Das Debüt ist geglückt
Aloha From Hell kommen aus Aschaffenburg, klingen aber gar nicht so. Aha... wie klingt man denn, wenn man aus Aschaffenburg kommt? Wissen wir nicht, aber auf jeden Fall nicht so. Vivi, Moo, Andi, Feli und Max präsentieren urban-coolen Rock mit einer gehörigen Priese Teenie-Attitüde. Das klingt eher wie aus einer Großstadt, nicht aber wie aus Unterfranken.
Insofern kann man sich über das Debüt-Album des Quintetts nicht wirklich beschweren. Okay, sie haben nichts neu erfunden, aber das was sie machen, klingt schon mal um Längen besser als das, was andere in dieser Richtung so verzapfen. "No More Days To Waste" heißt die CD und der Titel soll wohl Programm sein. Recht hurtig geht es überwiegend zu - wenig Zeit zu verschnaufen.

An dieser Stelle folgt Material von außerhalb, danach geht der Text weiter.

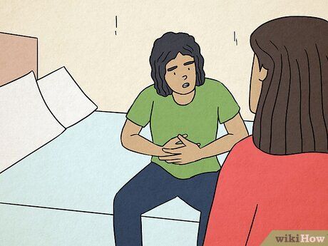 - If pretending to have a cold, cough and sneeze a little, then mention feeling dizzy. If faking a stomachache, hold your stomach and groan in pain.
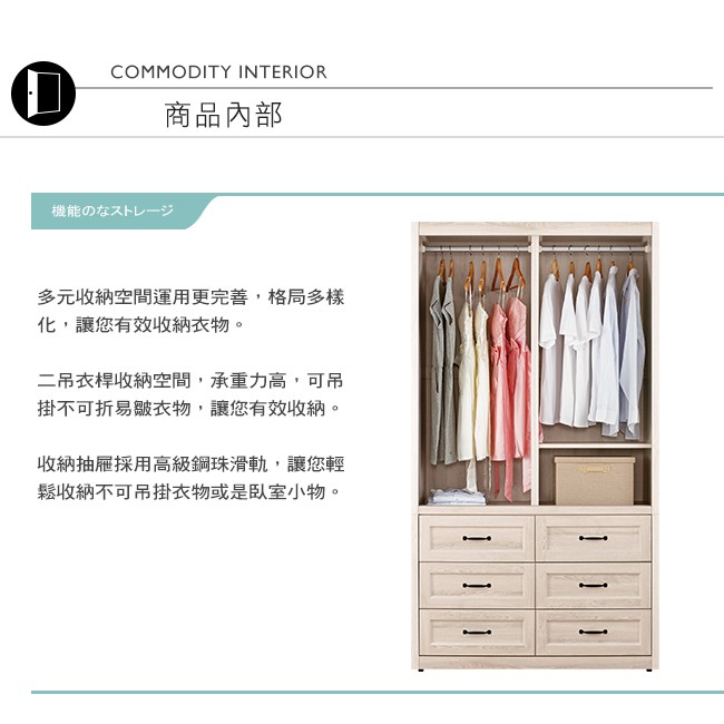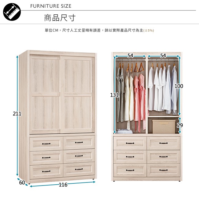 Boden-莉蒂3.9尺六抽推門/拉門衣櫃

Fazit: Aloha From Hell liefern ein solides erstes Album ab. Das steckt durchaus jede Menge Potenzial dahinter. Bleibt nur zu hoffen, dass der in Kürze möglicherweise verstärkt einsetzende Erfolg nicht die Kreativität korrumpiert. In dem Fall wird "No More Days To Waste" wohl die letzte gute CD von dieser Band gewesen sein.
1. No more days to waste
2. Can you hear me boys
3. Don' t gimme that (Video Version)
4. Fear of tommorow (Album Version)
5. Walk away (Album Version)
6. Don' t hurt yourself
7. Wake me up
8. Hello, hello
9. How come you are the One
10. Girls just wanna have fun
11. You
12. Catch me if you can
13. Don' t gimme that (Alternative Rock Version/Album)
14. So what' s going on
15. I' ll smash your mind
16. My love you are (Unplugged)
17. Can you hear me boys (Unplugged)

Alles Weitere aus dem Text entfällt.